# INSTRUCTIONS FOR THE TASK:
Only the lines from the first line of the data through the line containing "Sculptors also showed" belong in the answer, transcribed exactly; pictures do not.

# RECORDS FOR THE EXERCISE:
++++++++++
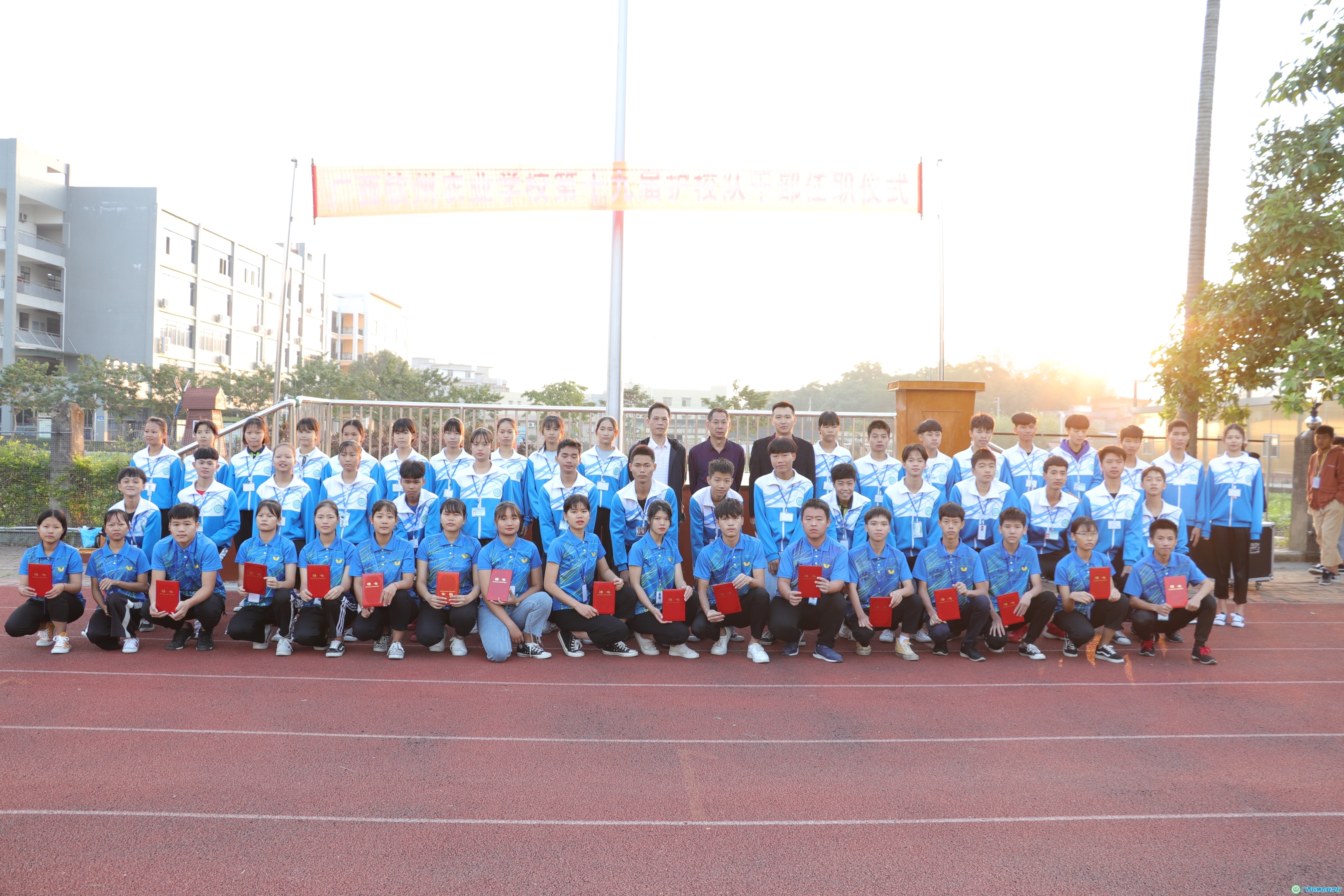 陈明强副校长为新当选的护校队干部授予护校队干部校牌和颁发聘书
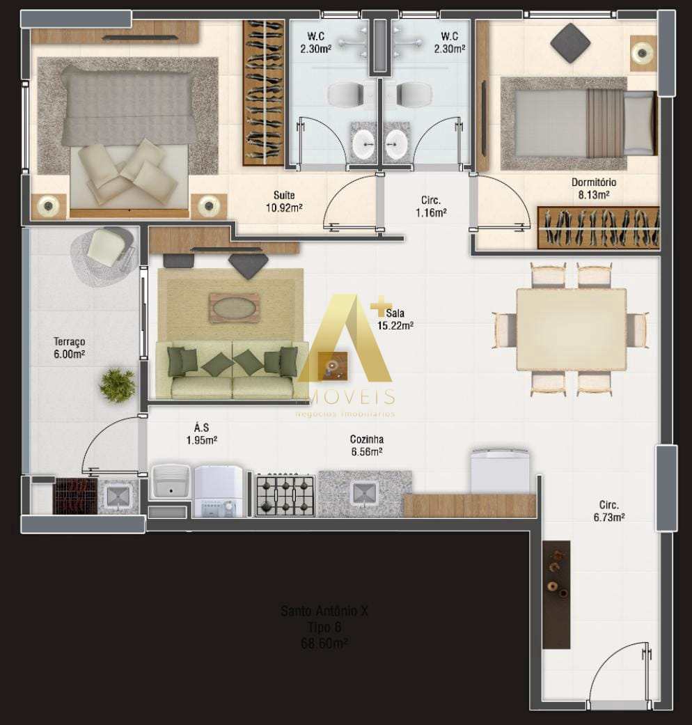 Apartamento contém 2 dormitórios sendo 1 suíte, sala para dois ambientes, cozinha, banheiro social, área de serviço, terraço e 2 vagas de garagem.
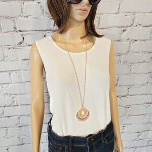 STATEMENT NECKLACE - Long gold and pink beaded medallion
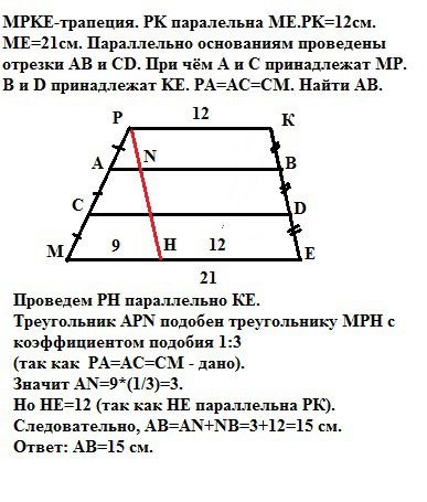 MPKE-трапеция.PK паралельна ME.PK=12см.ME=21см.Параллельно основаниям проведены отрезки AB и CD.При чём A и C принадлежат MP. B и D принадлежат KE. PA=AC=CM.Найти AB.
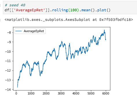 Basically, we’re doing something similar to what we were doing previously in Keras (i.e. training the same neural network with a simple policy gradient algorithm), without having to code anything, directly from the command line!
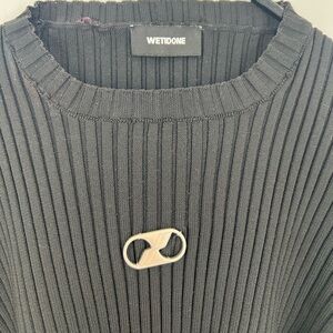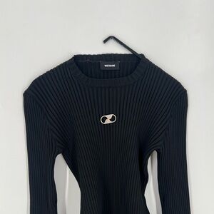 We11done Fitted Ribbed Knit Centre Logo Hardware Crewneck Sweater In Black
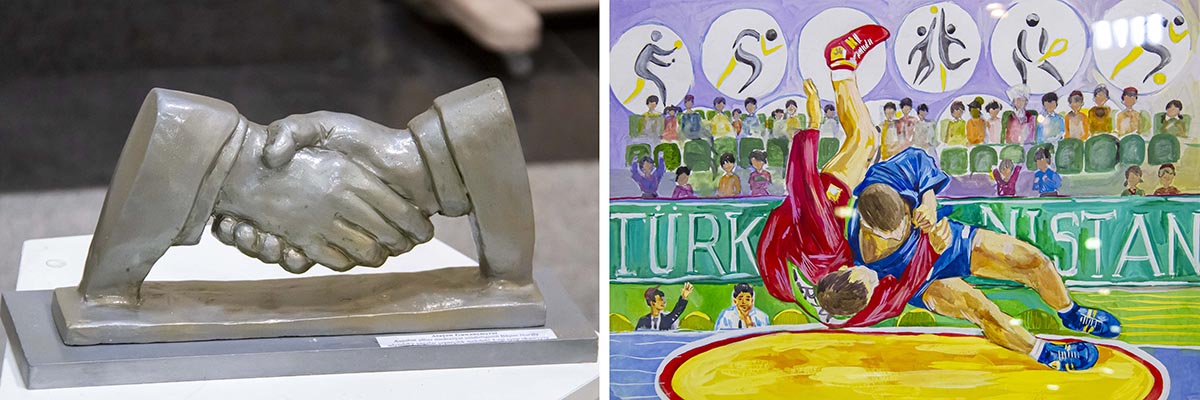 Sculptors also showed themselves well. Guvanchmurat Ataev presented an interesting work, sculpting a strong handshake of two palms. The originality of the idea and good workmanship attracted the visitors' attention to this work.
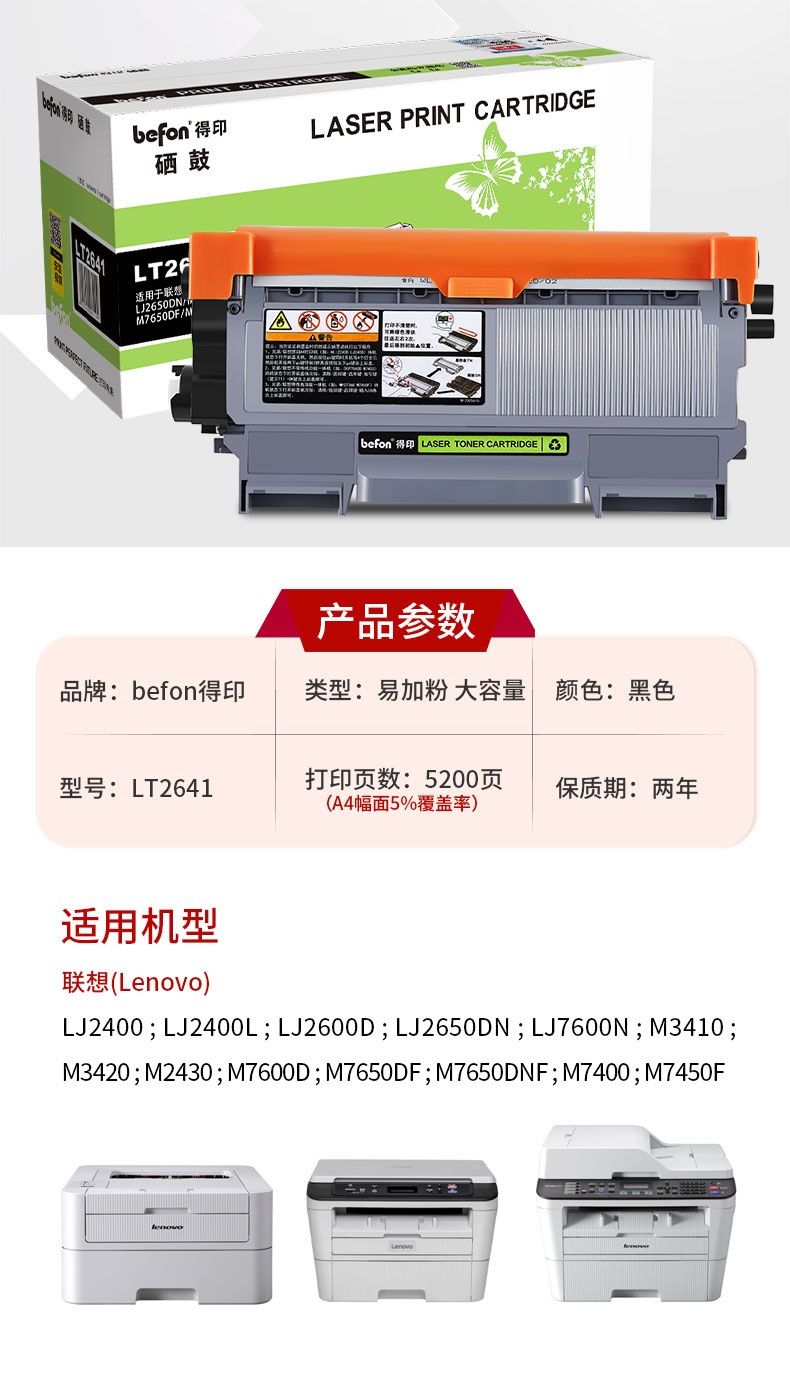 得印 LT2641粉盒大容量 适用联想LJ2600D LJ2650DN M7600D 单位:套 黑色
++++++++++
# WRITTEN RESPONSE:
 陈明强副校长为新当选的护校队干部授予护校队干部校牌和颁发聘书
 Apartamento contém 2 dormitórios sendo 1 suíte, sala para dois ambientes, cozinha, banheiro social, área de serviço, terraço e 2 vagas de garagem.
 STATEMENT NECKLACE - Long gold and pink beaded medallion
 MPKE-трапеция.PK паралельна ME.PK=12см.ME=21см.Параллельно основаниям проведены отрезки AB и CD.При чём A и C принадлежат MP. B и D принадлежат KE. PA=AC=CM.Найти AB.
 Basically, we’re doing something similar to what we were doing previously in Keras (i.e. training the same neural network with a simple policy gradient algorithm), without having to code anything, directly from the command line!
 We11done Fitted Ribbed Knit Centre Logo Hardware Crewneck Sweater In Black
 Sculptors also showed themselves well. Guvanchmurat Ataev presented an interesting work, sculpting a strong handshake of two palms. The originality of the idea and good workmanship attracted the visitors' attention to this work.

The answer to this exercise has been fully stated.